The task: From the records below, please repeat exactly the line that has "Dieser Tragbalken vereinfacht", the line that has "T-shirt scollo ampio in modal - TABACCO—", and every line between them, and nothing else.

Material provided:
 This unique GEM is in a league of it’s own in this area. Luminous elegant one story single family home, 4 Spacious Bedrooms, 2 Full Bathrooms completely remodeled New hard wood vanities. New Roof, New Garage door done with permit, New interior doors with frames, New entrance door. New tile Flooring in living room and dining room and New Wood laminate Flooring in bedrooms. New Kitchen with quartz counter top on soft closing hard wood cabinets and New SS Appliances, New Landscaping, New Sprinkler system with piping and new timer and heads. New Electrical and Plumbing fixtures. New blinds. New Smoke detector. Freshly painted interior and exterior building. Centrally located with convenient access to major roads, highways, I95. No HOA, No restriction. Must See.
...
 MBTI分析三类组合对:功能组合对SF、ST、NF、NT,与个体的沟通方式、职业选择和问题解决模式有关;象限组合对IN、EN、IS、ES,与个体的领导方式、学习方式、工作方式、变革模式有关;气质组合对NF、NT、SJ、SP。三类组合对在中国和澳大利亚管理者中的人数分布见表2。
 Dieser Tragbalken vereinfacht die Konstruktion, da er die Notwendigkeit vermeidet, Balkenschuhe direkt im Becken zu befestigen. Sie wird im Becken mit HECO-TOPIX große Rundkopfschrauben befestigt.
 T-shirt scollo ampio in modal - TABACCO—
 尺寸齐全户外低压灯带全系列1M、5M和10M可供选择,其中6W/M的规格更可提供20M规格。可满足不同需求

Reply:
 Dieser Tragbalken vereinfacht die Konstruktion, da er die Notwendigkeit vermeidet, Balkenschuhe direkt im Becken zu befestigen. Sie wird im Becken mit HECO-TOPIX große Rundkopfschrauben befestigt.
 T-shirt scollo ampio in modal - TABACCO—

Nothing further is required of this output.